Thanks, Zeinab Hefny

ewels commented 6 years ago

Hi @Zeinab5,

This is a little strange, http://www.candidagenome.org/download/gff/ suggests that the GTF files should use the term exon.

Exactly which GTF file did you use from your link? There are many in that folder.

Phil

Zeinab5 commented 6 years ago

This is the one that I used http://www.candidagenome.org/download/gff/C_albicans_SC5314/Assembly22/C_albicans_SC5314_A22_current_features.gtf

varemo commented 6 years ago

The corresponding GFF file (http://www.candidagenome.org/download/gff/C_albicans_SC5314/Assembly22/C_albicans_SC5314_A22_current_features.gff) seems to contain the required fields, as oposed to the GTF which only contains "CDS". Is it possible to supply a GFF file directly to the pipeline?
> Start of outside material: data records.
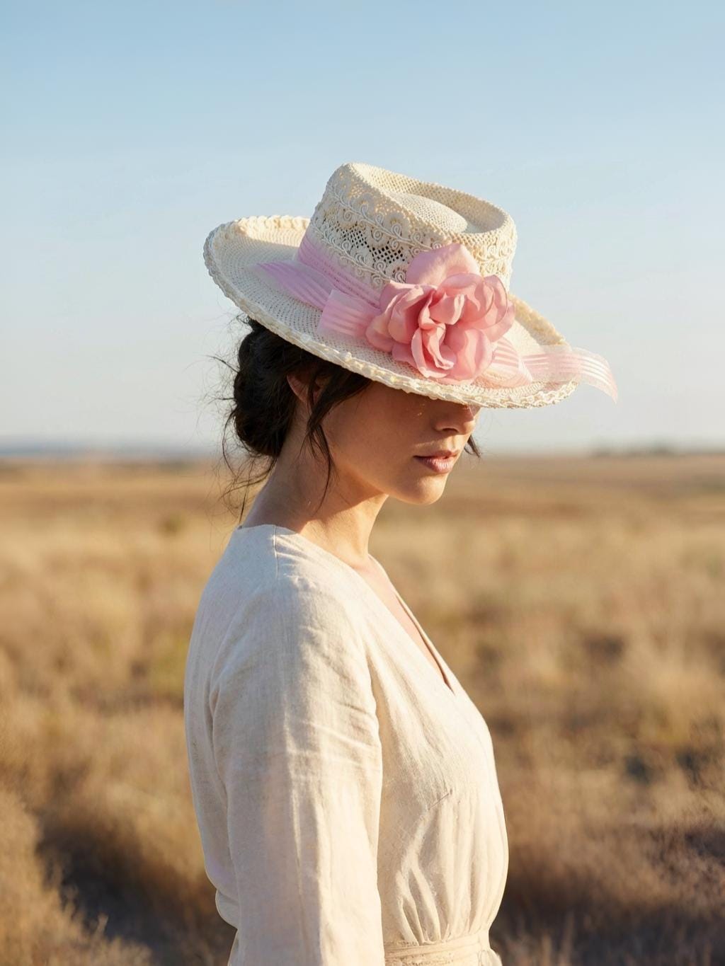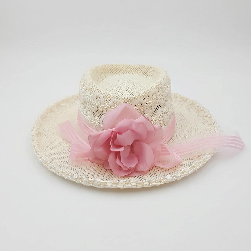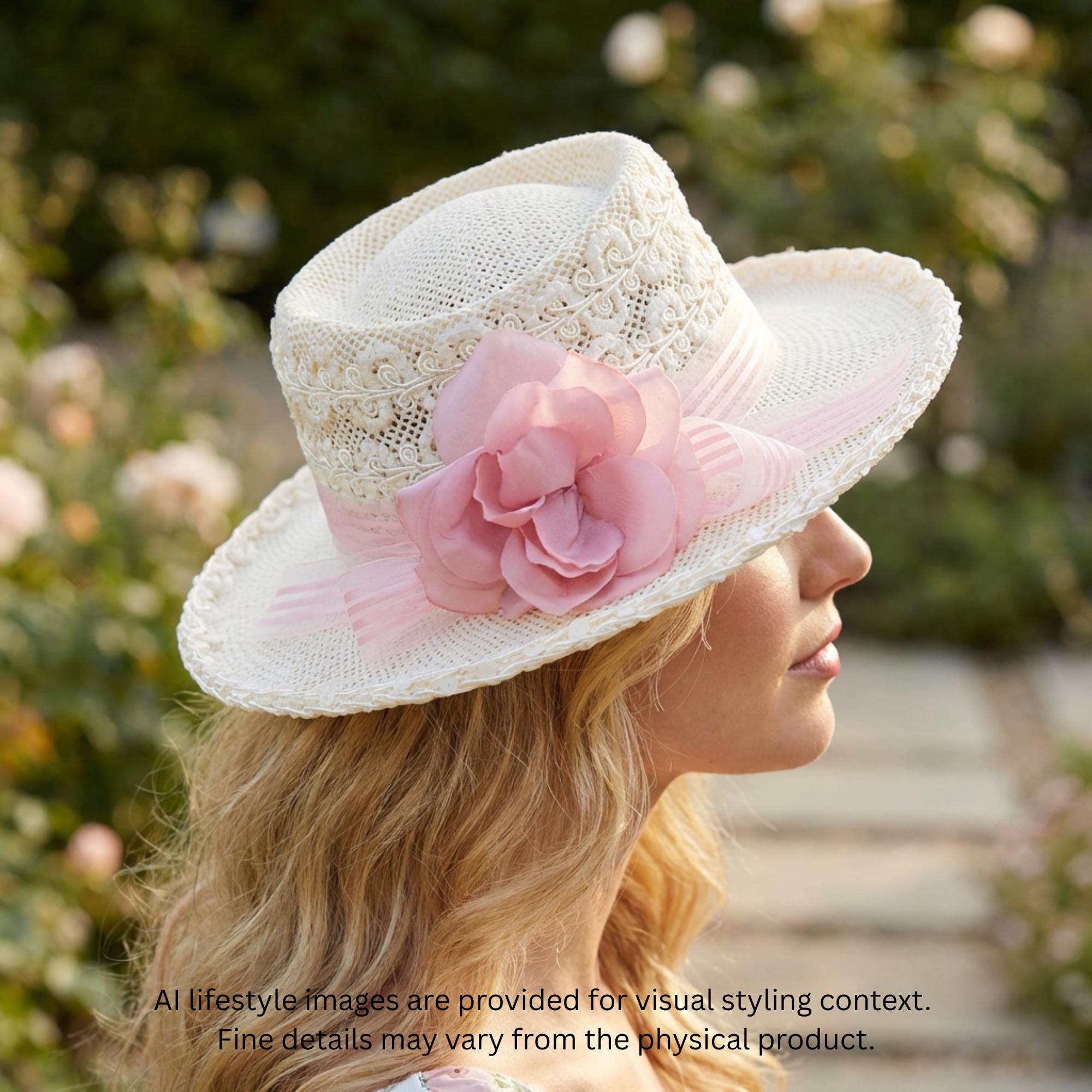 • Decoration: Pink ribbon band with rose accent and delicate lace overlay
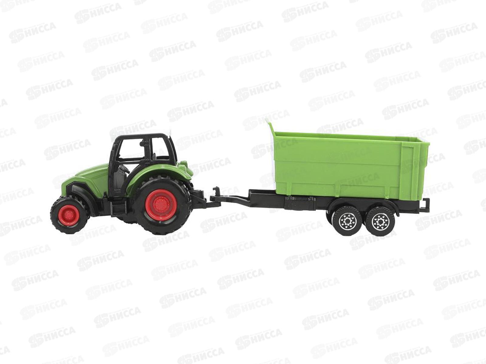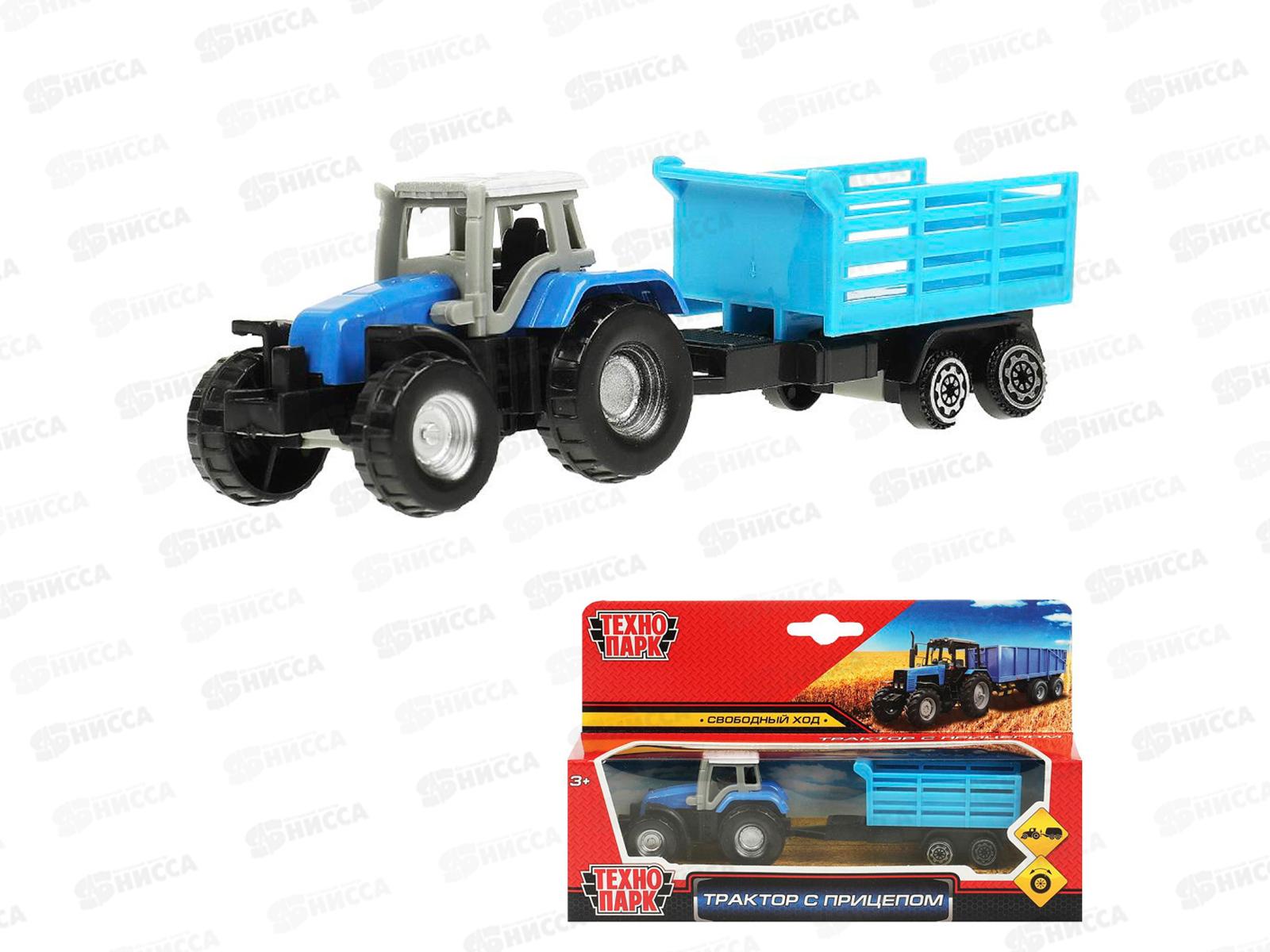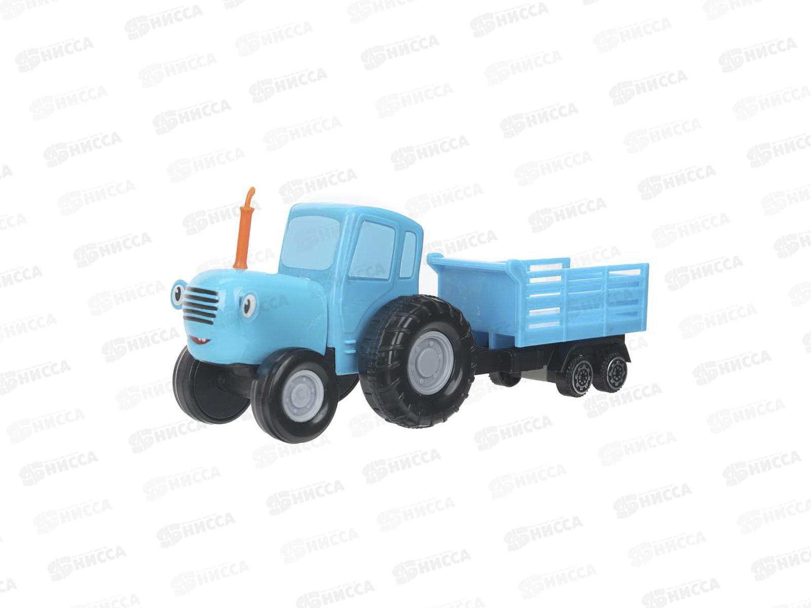 Код:592485; Машина "ТЕХНОПАРК" металл Синий Трактор 11см, с телегой и коровой, инерц., в коробке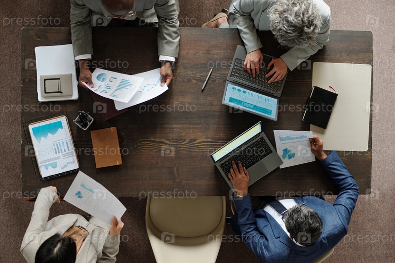 Разнообразная группа специалистов среднего возраста, анализирующих финансовые отчеты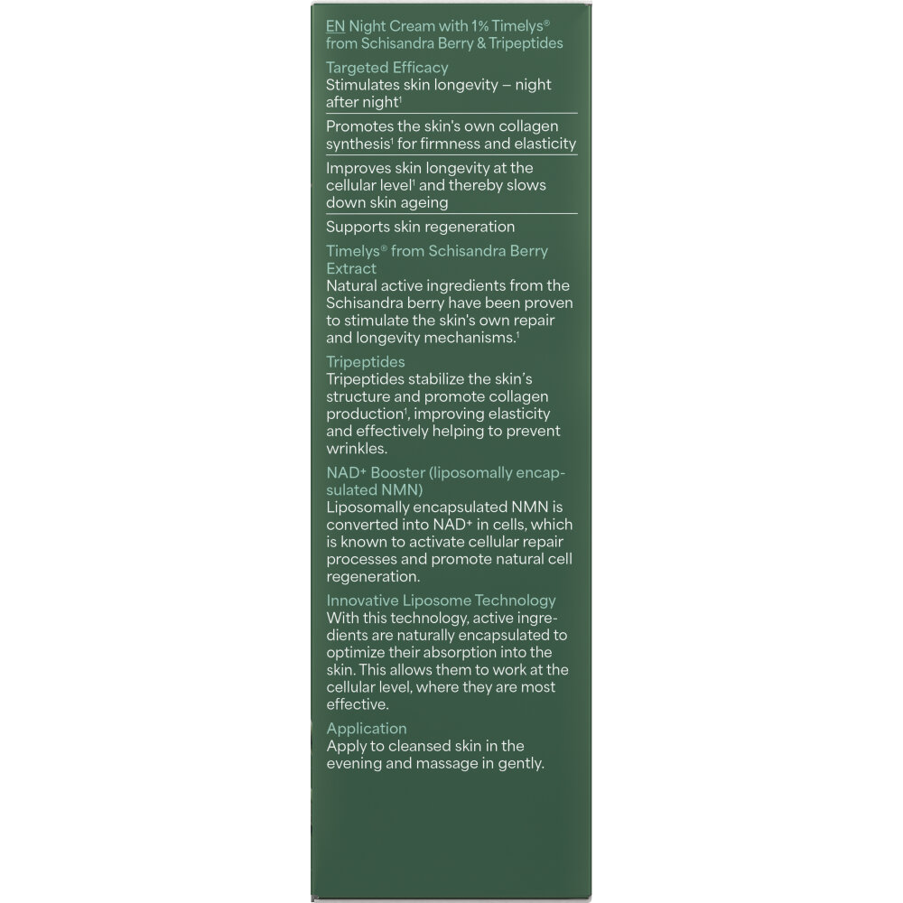 Erlebe Regeneration im Schlaf mit der Lavera SKIN LONGEVITY Nachtpflege TIMELYS® & Peptid-Komplex. Diese reichhaltige Nachtcreme kombiniert NAD+ Booster, 1 % TIMELYS® aus der Schisandra-Beere und Tripeptide, um die hauteigene Kollagensynthese zu fördern und die Langlebigkeit der Haut Nacht für Nacht zu stimulieren. Die Formel unterstützt die Zellregeneration und verbessert die Spannkraft, während sie Zeichen der Hautalterung gezielt mindert. Durch die innovative Liposomen-Technologie werden die Wirkstoffe besonders effektiv aufgenommen. Abends aufgetragen, sorgt sie für ein genährtes, geschmeidiges Hautgefühl und erweckt die Haut am Morgen sichtbar erholt und frisch.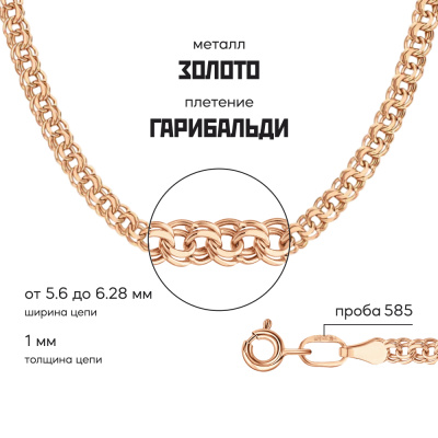Московский Цепевязальный Завод - современный взгляд на вековое наследие цепевязания: неизменно высокое качество, технологичность и надежное российское производство. «Гарибальди» — объемное якорное плетение с парными круглыми звеньями, считается высокопрочным и одним из самых надежных. Плетение названо в честь супругов Гарибальди, героев освободительного движения Италии, которые всегда были вместе и разделяли взгляды друг друга. Бренд изделия может отличаться от заявленного в описании. В этом случае украшение под другим брендом по своим качественным и потребительским характеристикам ничем не уступает указанному в описании. Фактический завод-производитель указан на бирке каждого изделия.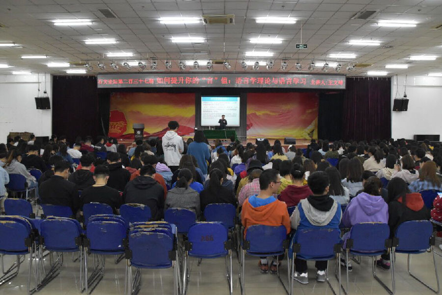3月26日晚,由校團委主辦、外國語學院團委學生會承辦的石大青年論壇第237期“如何提升你的‘言’值:語言學理論與語言學習”在鄠邑校區(qū)騰輝大學生活動中心舉行,本期論壇邀請了我院青年教師王文峰博士擔任主講,我院全體學生以及學校其他院系學生參加了此次講座。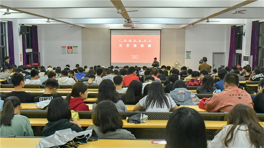 讲座过程中,蓝建强老师通过实例讲解人体艺术拍摄,他表示,画家是用画笔来进行画画,摄影则是用光来画画,再次强调布光在摄影过程中的重要性。又通过两部展现广西美好风景的微电影,建议摄影专业的学生有机会多出去采风,进一步提高个人审美和专业素养。
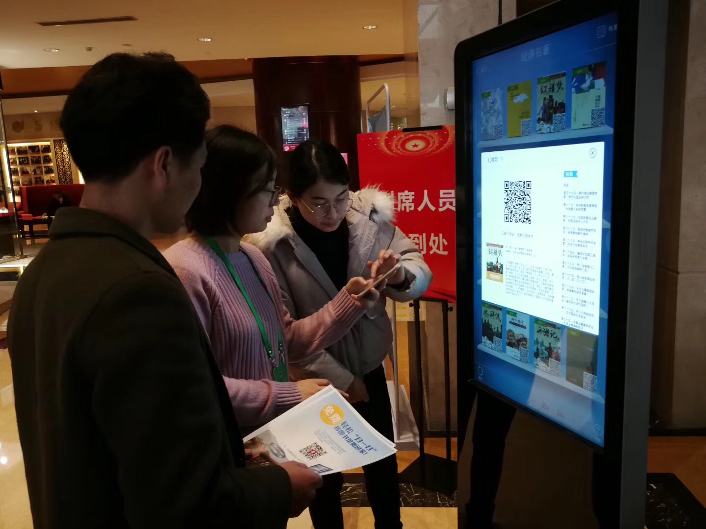 此次两会服务,诸暨市图书馆在会议现场设立了电子图书借阅机,内含图书馆专门为两会组织的我省各地依法治国、改革开放40年创新成果等多个专题信息,这些信息可以现场点读,也可扫描二维码下载到手机上阅读。此外,借阅机还提供了3000多种电子图书的下载服务,以满足代表、委员对数字化阅读和随时随地获取文化信息的需求。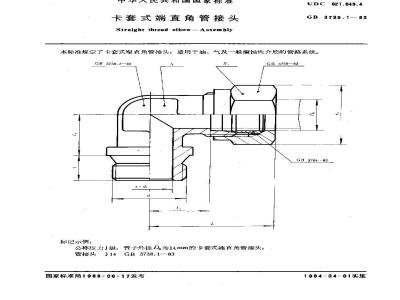 本标准规定了卡套式端点角管接头,适用于油,气及一般腐蚀性介质的管路系统。GB 3738.2—83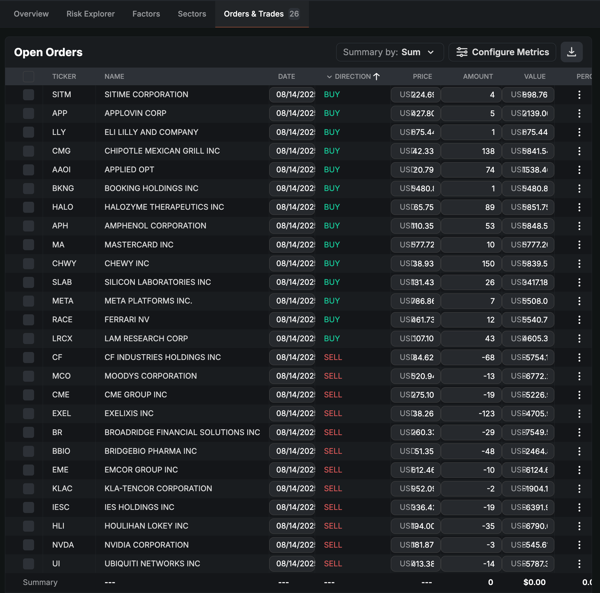 At the end of the process, we’ll get a full list of BUY and SELL orders which we may execute at our discretion. For the Sigma Portfolio simulation purposes, we will just execute all orders at market close, but the real-life application will probably take around 10 days.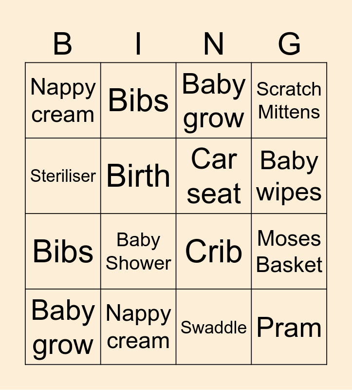 ⚠ This card has duplicate items: Nappies (2), Moses Basket (2), Crib (2), Pram (2), Car seat (2), Steriliser (2), Bottle (2), Bibs (2), Swaddle (2), Baby wipes (2), Baby grow (2), Scratch Mittens (2), Birth (2), Nappy cream (2)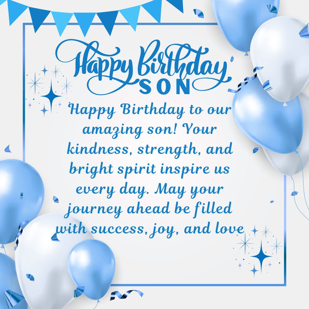 These Birthday Wishes for Son feature a charming and festive design set against a vibrant blue background filled with cheerful blue and white balloons and classic birthday decorations. At the center of the image is a light blue frame that draws attention to the heartwarming message, with “Happy Birthday” written in a cute, playful font. The birthday wish reads: “To our beloved son, On your birthday, we want you to know how deeply loved you are. May your heart always be full, and your path always blessed.” This design beautifully captures the joy and affection parents feel for their son, making it a touching and visually delightful way to celebrate his special day.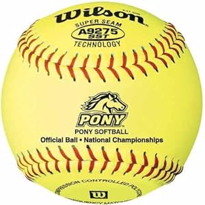 Wilson A9275BSST 11 Inch Leather .47 Core Pony League Softball (Sold in Dozens) : 11 yellow leathercoverSuper SeamTechnologyCOR .47Poly centerPonyLeague playQuantity: Sold in Dozens Only Read more

ewels commented 6 years ago

I think it should be fine to run with a GFF instead of GTF. The format is pretty similar right? Certainly easy enough to try... Just use --gtf [path]

Zeinab5 commented 6 years ago

Hi, I solved the issue by converting the GFF file from the CGD to a GTF file by using gffread and it worked. I couldn't use the gff file directly with the pipline because gtfToGenePred can't convert gff to GenePred which I need to get the Bed12 file. it also didn't work when I didn't gave the path of the Bed12 to the pipline.

ewels commented 6 years ago

I solved the issue by converting to the GFF file from the CGD to a GTF file by using gffread and it worked.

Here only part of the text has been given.